INSTRUCTIONS FOR THE TASK
The data must be reproduced verbatim; images are to be omitted.

DATASET EXCERPT
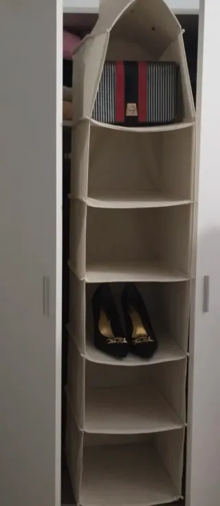 Organizador de tela para colgar en armarios o estanterías con 6 compartimentos.
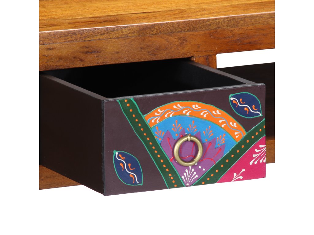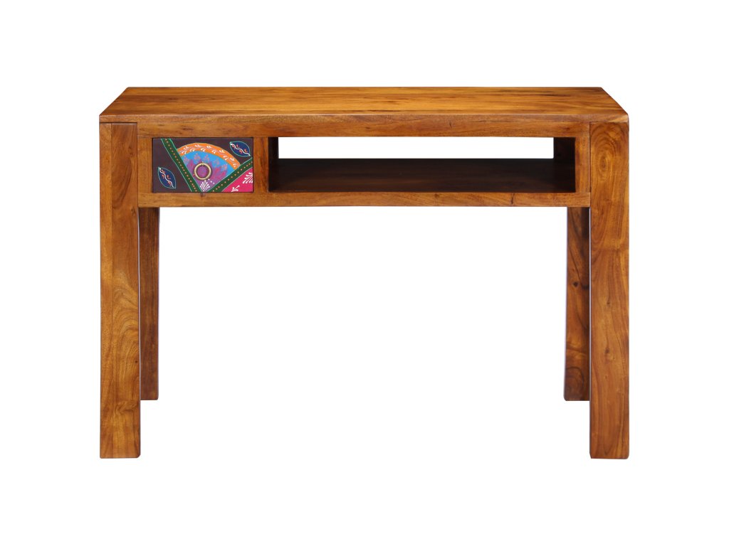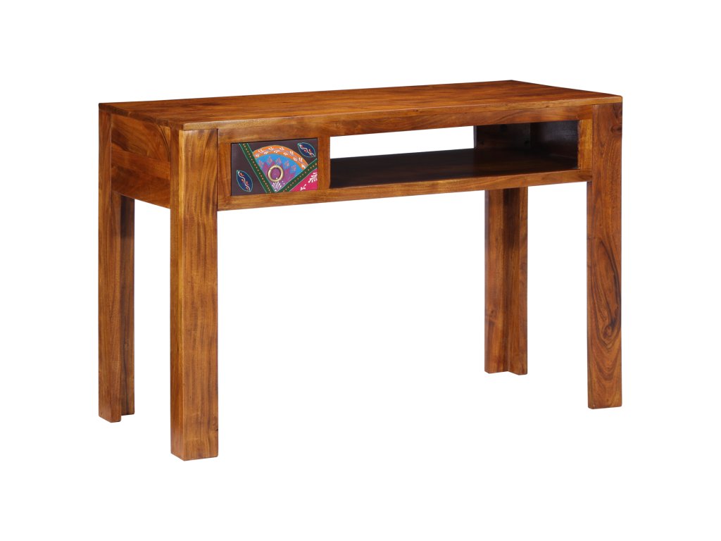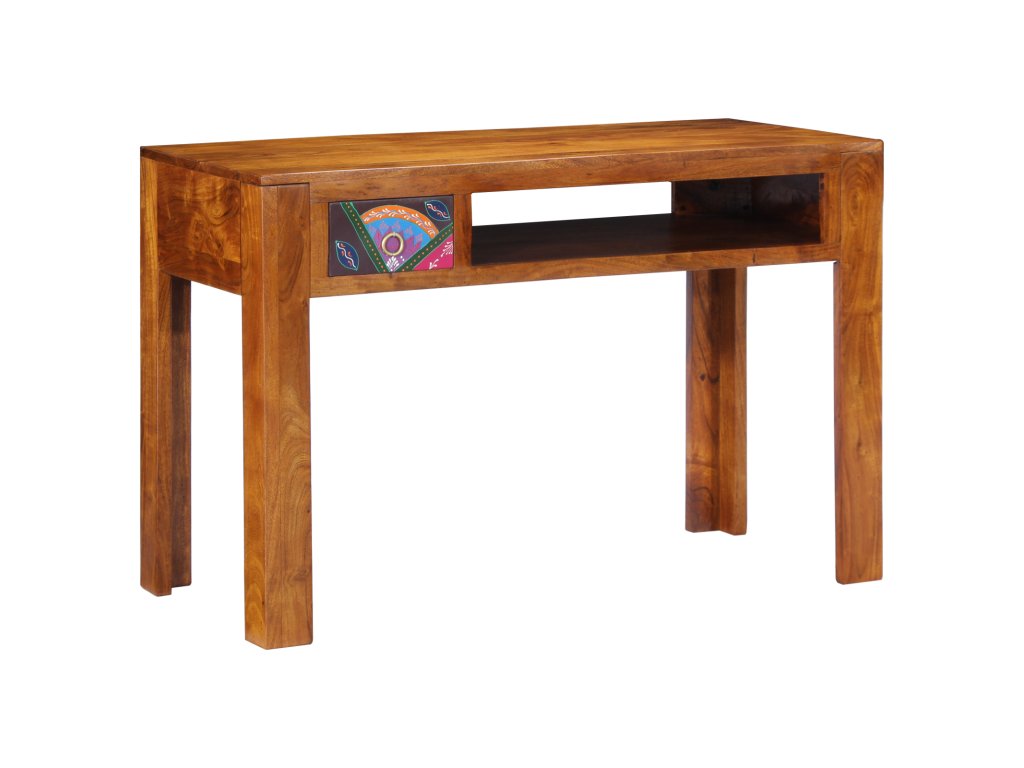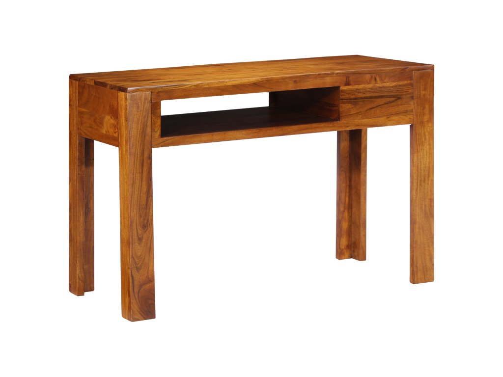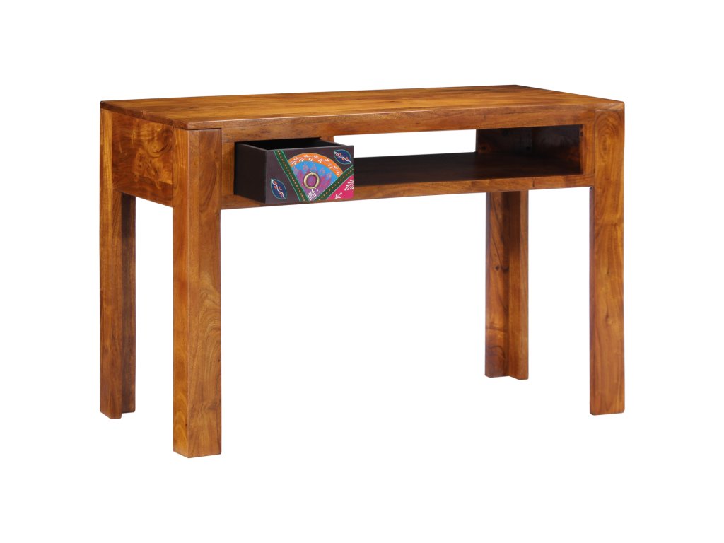 Tento stůl z masivního akáciového dřeva má hladký lakovaný povrch, takže nabízí styl i trvanlivost. S klasickým vzhledem, dostatkem úložného místa a otevřenou policí je to super volba pro domácí kanceláře, pracovny nebo ložnice.- Barva: Hnědá
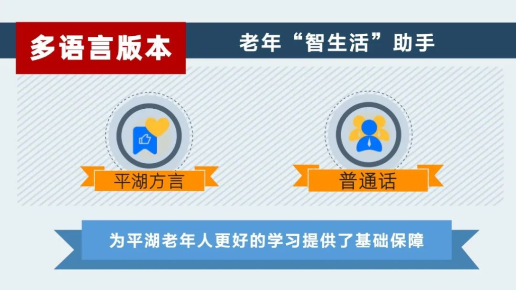 《老年“智生活”助手》課程以“平湖方言”、“普通話”兩種語(yǔ)言版本開(kāi)發(fā)建設(shè)。“平湖方言版”教學(xué)為平湖老年人更好的學(xué)習(xí)提供了基礎(chǔ)保障。
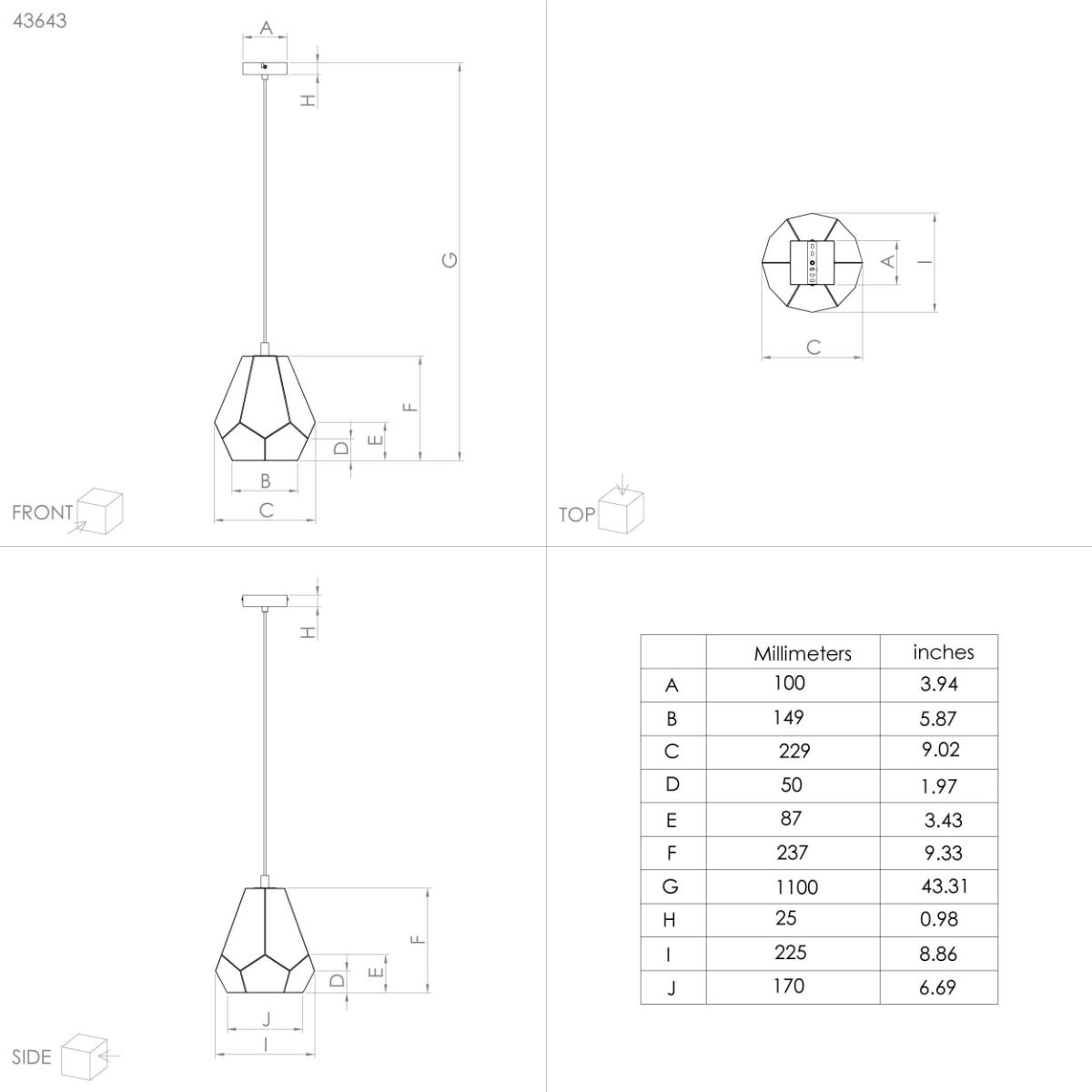 Φωτιστικό Κρεμαστό Μονόφωτο Ø230xH1100mm 1xE27 Μαύρο Μέταλλο-Γυαλί Eglo Mardyke 43643

OUTPUT OF THE TASK
 Organizador de tela para colgar en armarios o estanterías con 6 compartimentos.
 Tento stůl z masivního akáciového dřeva má hladký lakovaný povrch, takže nabízí styl i trvanlivost. S klasickým vzhledem, dostatkem úložného místa a otevřenou policí je to super volba pro domácí kanceláře, pracovny nebo ložnice.- Barva: Hnědá
 《老年“智生活”助手》課程以“平湖方言”、“普通話”兩種語(yǔ)言版本開(kāi)發(fā)建設(shè)。“平湖方言版”教學(xué)為平湖老年人更好的學(xué)習(xí)提供了基礎(chǔ)保障。
 Φωτιστικό Κρεμαστό Μονόφωτο Ø230xH1100mm 1xE27 Μαύρο Μέταλλο-Γυαλί Eglo Mardyke 43643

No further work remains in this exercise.